I will leave as a legacy new molecules, which are even more effective in vitro than Alisporivir and which I hope in the future can be used for combination therapy. These molecules (TR001 and TR002; TR is derived from triazole because this group was used to increase the stability of the molecule, which was originally obtained by Professor Forte and myself in a project funded by the NIH-National Institute of Health, are molecules that inhibit the mitochondrial permeability transition pore. They have shown excellent results in cells and in zebrafish models (see article) of both collagen 6 disorders and Duchenne dystrophy (see article). The project aims to evaluate their efficacy in mouse models of these diseases. The target is always the pore, as in the case of Alisporivir-Debio 025.

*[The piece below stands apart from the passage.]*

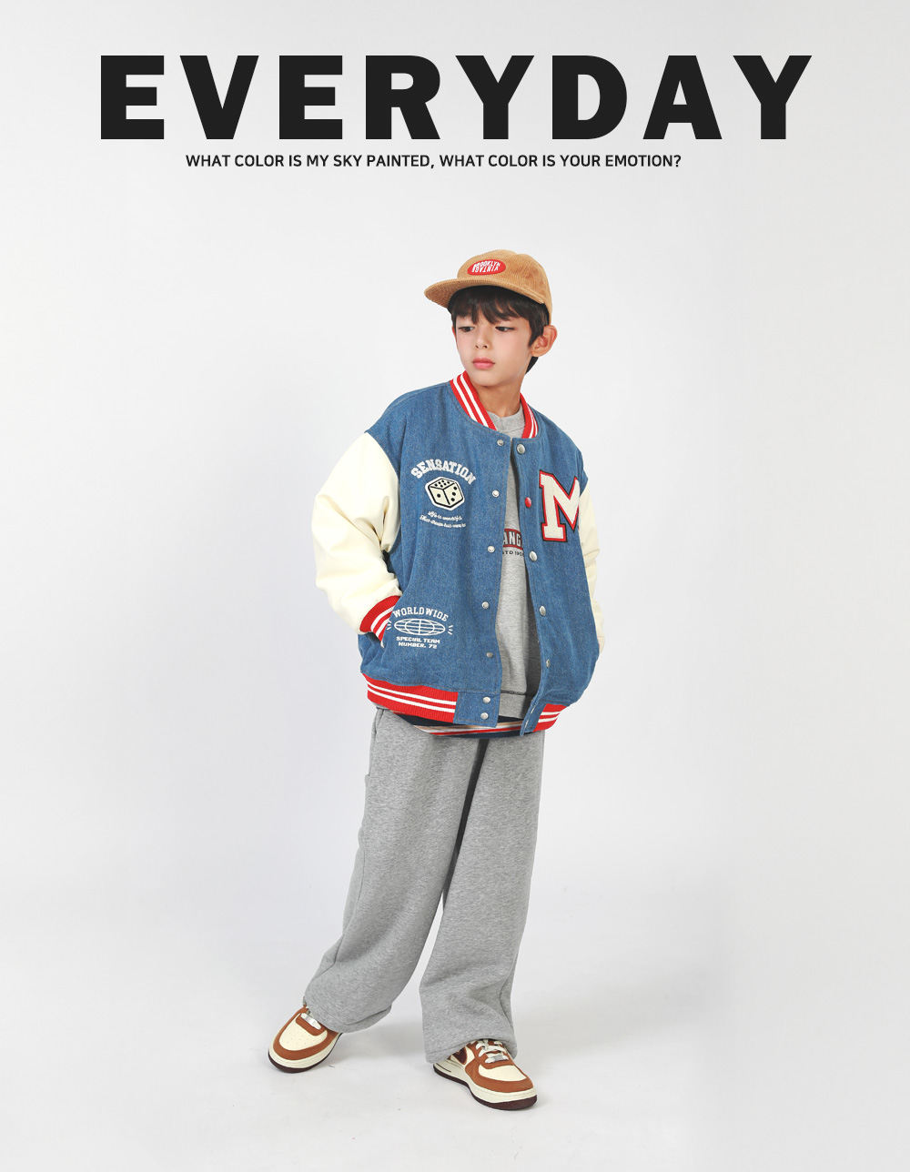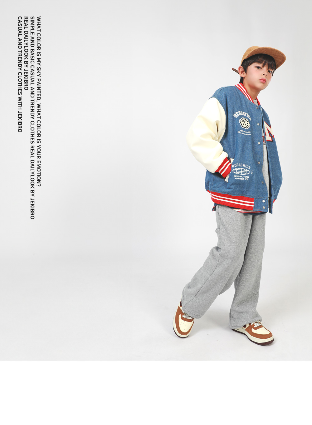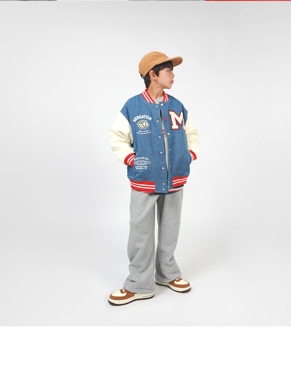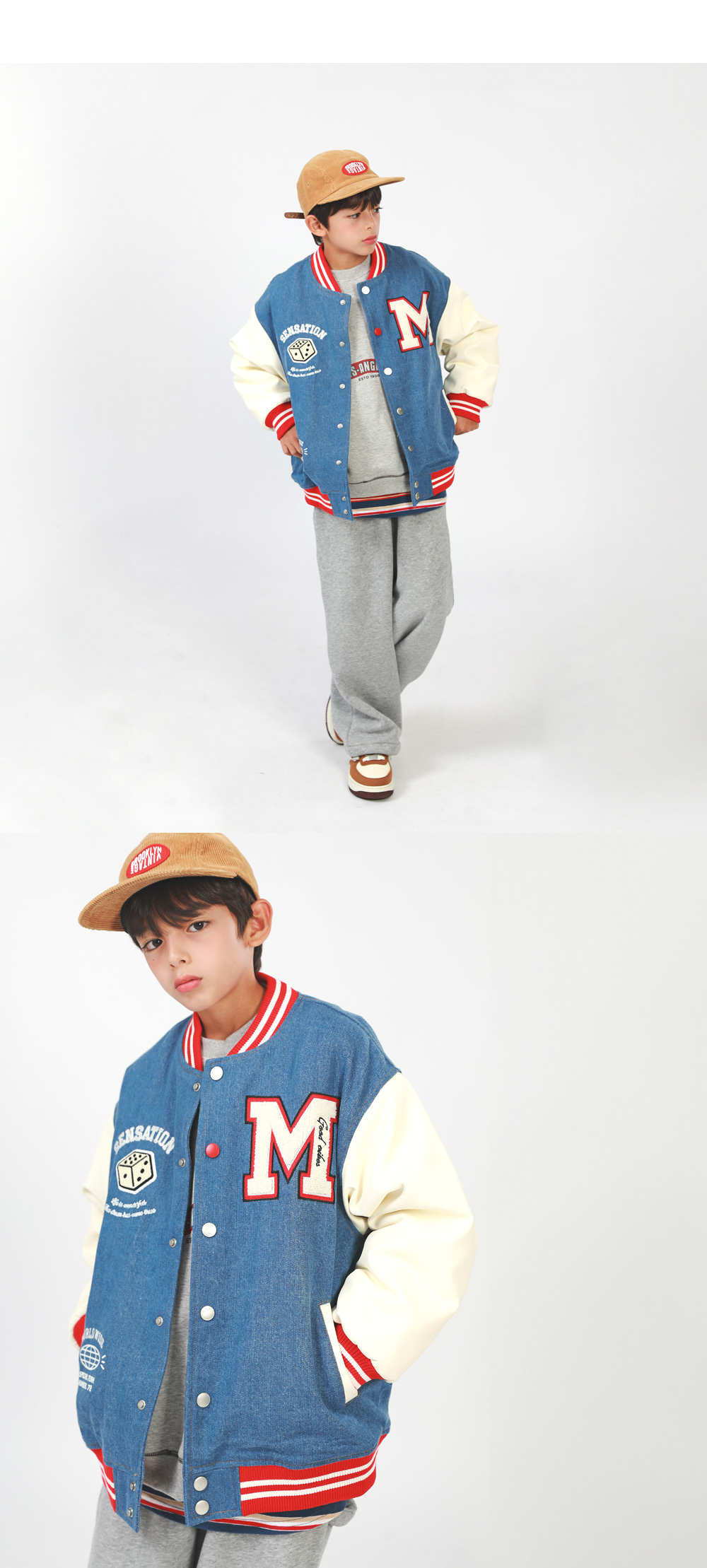 겨울에도 즐기기 좋은 기모 바시티자켓이에요 데님과 페이크레더 조합으로 캐주얼무드의 세련된 스타일을 완성해준답니다 폭신한 퍼기모 안감으로 든든하게 착용할 수 있어요

The next step will be to find someone to fund us with a view to creating a biotechnology initiative, and this is a project I may dedicate my time to even after retirement! I will have a free hand as my own agent for drug development.
Professor Paolo Bernardi, bernardi@bio.unipd.it
As an expert professor of collagen 6 on our Medical-Scientific Committee (Maybe you didn’t know this, but by accepting this interview you have given your consent for your appointment to the MSC of the Col6 Association), we definitely want you to keep us updated on upcoming projects especially with regard to the TR001-002 molecules.
We sincerely thank you, Professor Paolo Bernardi, for taking the time to conduct this interview and for your valuable contribution to scientific research to date. Your work has had and will continue to have a significant impact on the understanding and treatment of neuromuscular diseases.
We wish you all the best in your new phase of life and in your future research projects.